* _LISTED ENTRIES_
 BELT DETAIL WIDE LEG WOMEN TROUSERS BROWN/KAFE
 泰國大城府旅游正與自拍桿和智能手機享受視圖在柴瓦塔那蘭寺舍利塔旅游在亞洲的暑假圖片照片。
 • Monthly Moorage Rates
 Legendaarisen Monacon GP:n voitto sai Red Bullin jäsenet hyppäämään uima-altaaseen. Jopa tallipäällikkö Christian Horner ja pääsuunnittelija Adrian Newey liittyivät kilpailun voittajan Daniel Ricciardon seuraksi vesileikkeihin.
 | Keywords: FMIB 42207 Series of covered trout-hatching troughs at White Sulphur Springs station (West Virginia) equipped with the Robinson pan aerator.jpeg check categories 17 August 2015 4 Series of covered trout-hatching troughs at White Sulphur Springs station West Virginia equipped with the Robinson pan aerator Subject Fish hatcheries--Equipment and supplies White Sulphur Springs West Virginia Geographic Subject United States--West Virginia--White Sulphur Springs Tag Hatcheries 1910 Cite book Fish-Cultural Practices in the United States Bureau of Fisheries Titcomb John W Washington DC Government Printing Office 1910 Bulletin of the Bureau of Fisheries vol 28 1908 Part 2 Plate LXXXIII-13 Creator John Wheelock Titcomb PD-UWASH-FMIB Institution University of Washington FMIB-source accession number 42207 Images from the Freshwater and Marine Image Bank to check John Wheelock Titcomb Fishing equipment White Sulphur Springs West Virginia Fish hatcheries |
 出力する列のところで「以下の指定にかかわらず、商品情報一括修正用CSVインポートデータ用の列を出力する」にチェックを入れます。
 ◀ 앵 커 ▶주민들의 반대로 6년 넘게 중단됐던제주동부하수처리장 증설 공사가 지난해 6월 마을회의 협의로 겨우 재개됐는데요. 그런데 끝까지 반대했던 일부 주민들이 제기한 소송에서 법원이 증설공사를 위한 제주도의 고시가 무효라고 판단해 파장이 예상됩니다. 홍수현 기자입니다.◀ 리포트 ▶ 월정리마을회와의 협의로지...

...

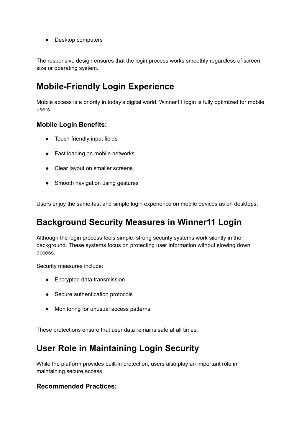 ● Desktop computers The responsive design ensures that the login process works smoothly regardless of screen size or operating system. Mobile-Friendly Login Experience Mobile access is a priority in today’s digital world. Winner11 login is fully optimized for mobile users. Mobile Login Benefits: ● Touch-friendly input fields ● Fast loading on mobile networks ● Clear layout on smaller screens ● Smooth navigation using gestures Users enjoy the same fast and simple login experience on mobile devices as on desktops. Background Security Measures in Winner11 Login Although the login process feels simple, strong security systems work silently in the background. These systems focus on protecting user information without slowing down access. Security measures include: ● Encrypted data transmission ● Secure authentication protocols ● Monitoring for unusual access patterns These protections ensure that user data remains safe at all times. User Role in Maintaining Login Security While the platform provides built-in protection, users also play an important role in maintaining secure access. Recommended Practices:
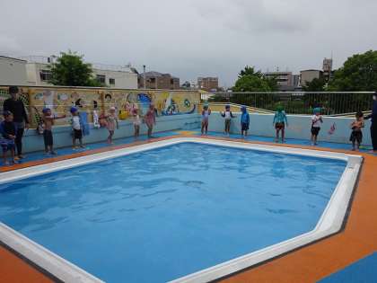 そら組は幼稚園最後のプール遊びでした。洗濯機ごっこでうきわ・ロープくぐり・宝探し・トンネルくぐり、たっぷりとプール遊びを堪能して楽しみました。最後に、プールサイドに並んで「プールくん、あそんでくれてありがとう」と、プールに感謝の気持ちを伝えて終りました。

* _THE TASK_
Nothing but the lines above from the one containing "Monthly Moorage Rates" through the one containing "Legendaarisen Monacon GP:n" should appear in the answer, each repeated exactly.

* _ANSWER TO THIS PROBLEM_
 • Monthly Moorage Rates
 Legendaarisen Monacon GP:n voitto sai Red Bullin jäsenet hyppäämään uima-altaaseen. Jopa tallipäällikkö Christian Horner ja pääsuunnittelija Adrian Newey liittyivät kilpailun voittajan Daniel Ricciardon seuraksi vesileikkeihin.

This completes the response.